(Provided information begins)

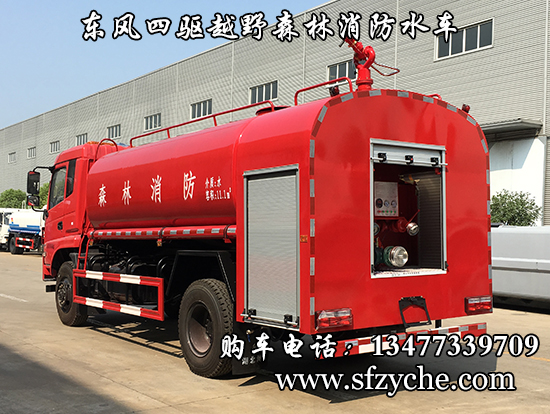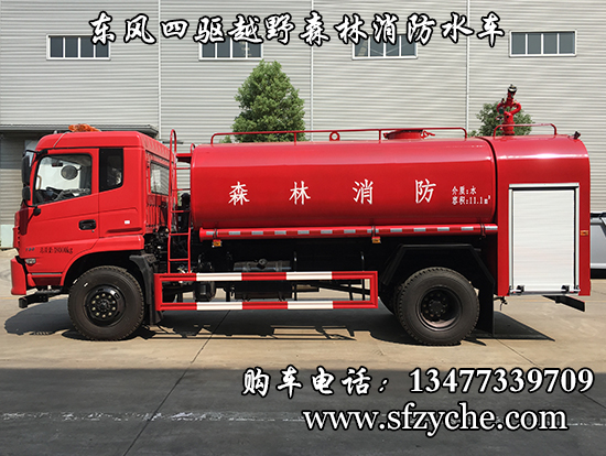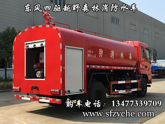 東風新款四驅越野森林消防灑水車_東風11.1噸四驅消防水車_國五四驅越野森林滅火水車_東風4×4越野SCS5183GPSEQ型四驅綠化噴灑車簡介:采用東風EQ2180GD5DJ型越野汽車底盤,東風D913新款駕駛室,4×4驅動,康明斯ISB190 50國五發(fā)動機,六檔變速箱,東風商用車橋,前驅動橋3.8噸,后橋10噸,10.00R20輪胎,軸距4500mm,電動玻璃,方向助力,斷氣剎,ABS。罐體采用優(yōu)質碳鋼Q235板材,板材厚度4mm,罐體容積11.1立方,安裝夾心取力器,后置泵箱,消防栓接口左右各一個,消防炮采用PS30-50D消防水炮,流量40L/S/1.0MPa 水射程:≥50m,消防泵采用常壓消防泵型號:CB10/40車用消防泵,流量:40L/s,壓力:1.0MPa,帶前沖,駕駛室頂部安裝長條警燈帶喊話器,全車顏色橘紅,兩側噴涂白色森林消防字樣。
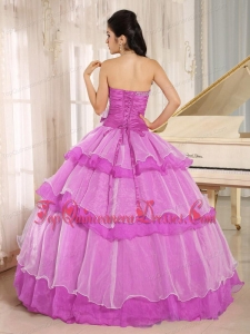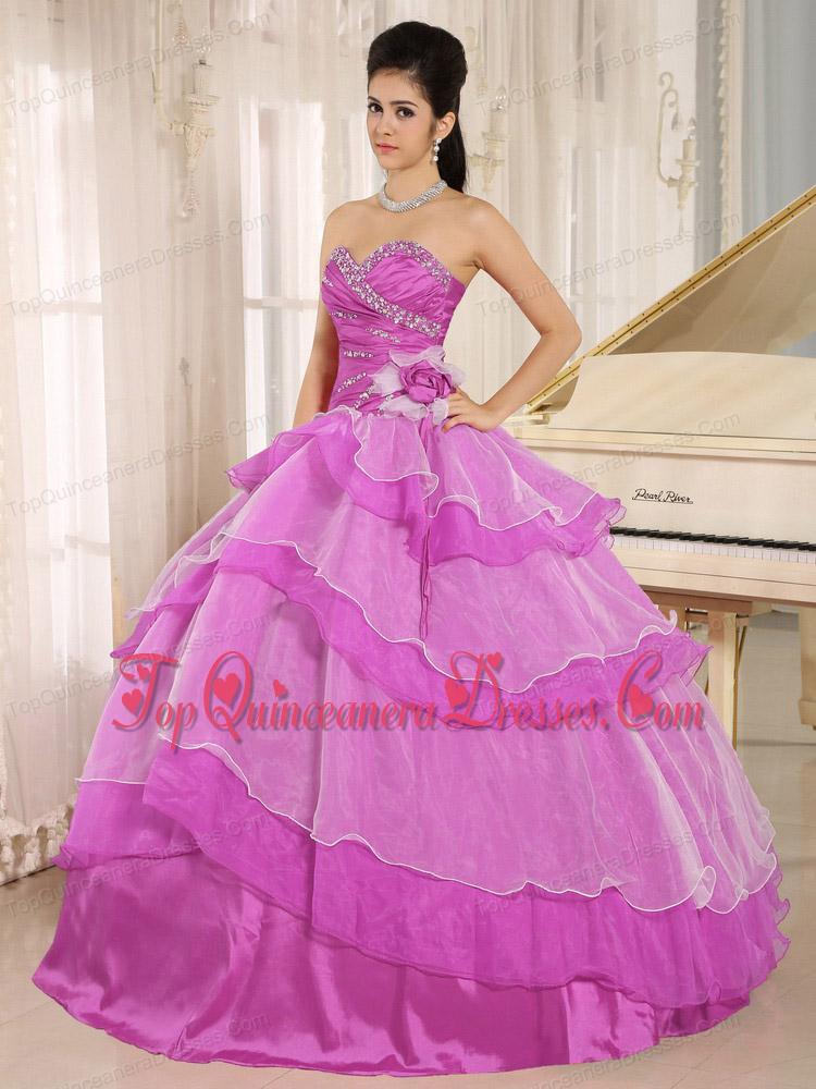 Hot Pink Sweetheart Beaded Decorate and Ruched Bodice Ruffled Layeres Quinceanera Dress In 2013
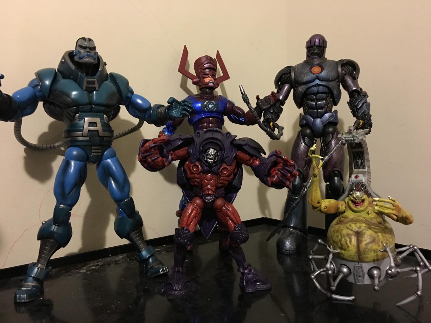 Completed the ToyBiz BAF's that I've been hunting for. Unfortunately Sinister and Black Panther were nearly impossible to find in the wild, or online for anything resembling cheap. My only regret is going cheap and getting a second hand torso for Galactus off EBay. It just doesn't look as great as it should. Mojo is pretty cool, the detail on this guy is amazing. The Sentinel is a load! I'm a little afraid to test too many of his joints, but he's imposing as heck, almost dwarfing Galactus. Giant Man and MODOK don't really interest me enough to go back and build. Maybe I can find MODOK cheap in EBay.
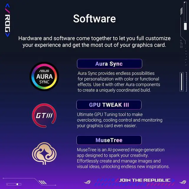 Cooling System: Quad-Fan Force design with four Axial-tech fans, a patented vapor chamber, and a phase-change thermal pad for improved heat transfer..
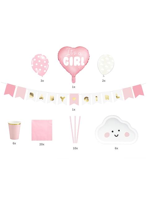 Uključuje: 1 girland, 6 papirnih šalica, 6 papirnih tanjura, 10 papirnih slamki, 20 maramica, 1 folijski balon i 5 lateksnih balona
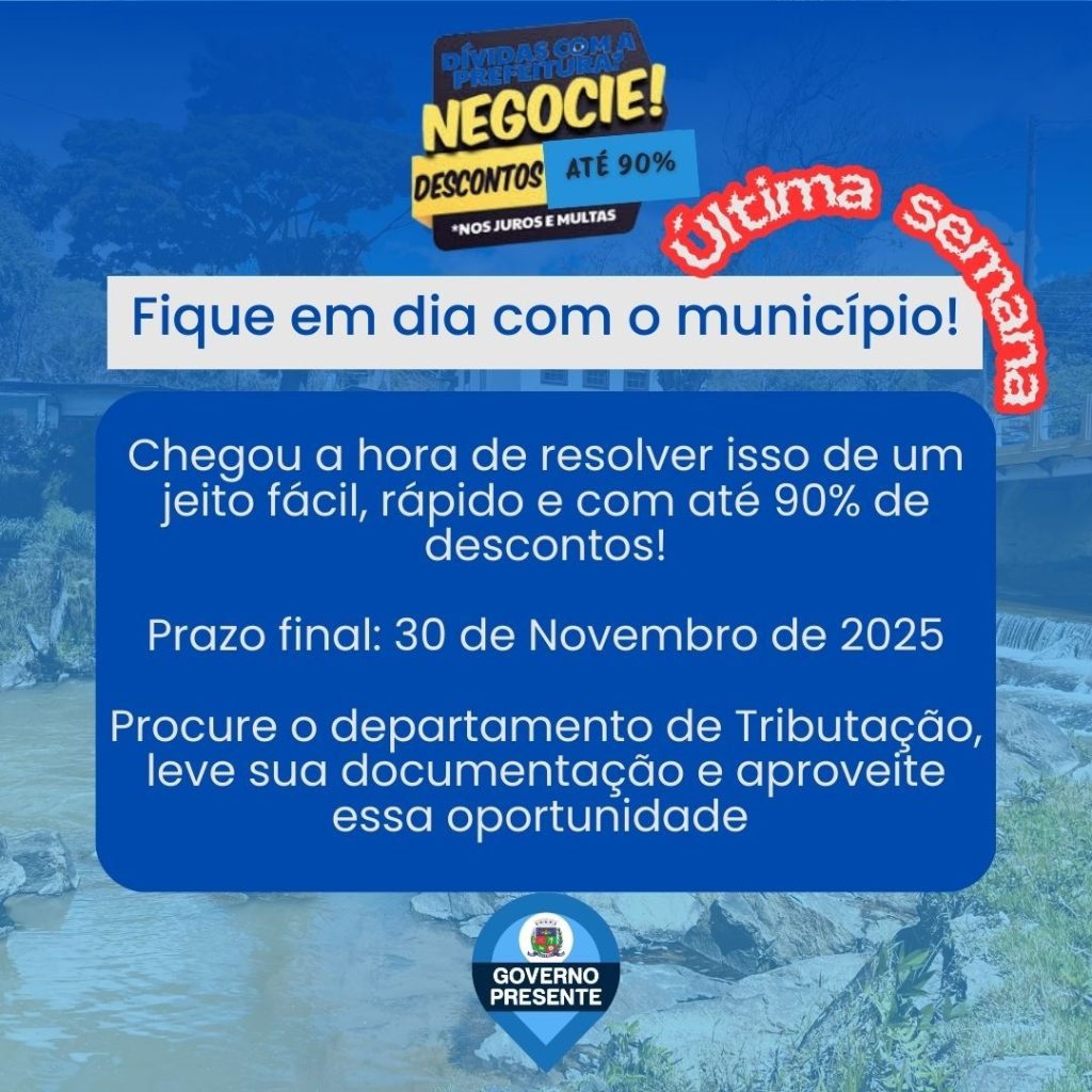 A Prefeitura de Valença / Governo Presente alerta os contribuintes para a última semana de negociações de dívidas municipais com descontos que podem chegar a 90% sobre juros e multas. O prazo final para adesão é 30 de novembro de 2025.

(Provided information ends)

__Task to complete__
Begin at the line that contains "Completed the ToyBiz" and transcribe exactly, and only, each line through the final line of the data above, both included; the pictures do not go in.

__Task output__
 Completed the ToyBiz BAF's that I've been hunting for. Unfortunately Sinister and Black Panther were nearly impossible to find in the wild, or online for anything resembling cheap. My only regret is going cheap and getting a second hand torso for Galactus off EBay. It just doesn't look as great as it should. Mojo is pretty cool, the detail on this guy is amazing. The Sentinel is a load! I'm a little afraid to test too many of his joints, but he's imposing as heck, almost dwarfing Galactus. Giant Man and MODOK don't really interest me enough to go back and build. Maybe I can find MODOK cheap in EBay.
 Cooling System: Quad-Fan Force design with four Axial-tech fans, a patented vapor chamber, and a phase-change thermal pad for improved heat transfer..
 Uključuje: 1 girland, 6 papirnih šalica, 6 papirnih tanjura, 10 papirnih slamki, 20 maramica, 1 folijski balon i 5 lateksnih balona
 A Prefeitura de Valença / Governo Presente alerta os contribuintes para a última semana de negociações de dívidas municipais com descontos que podem chegar a 90% sobre juros e multas. O prazo final para adesão é 30 de novembro de 2025.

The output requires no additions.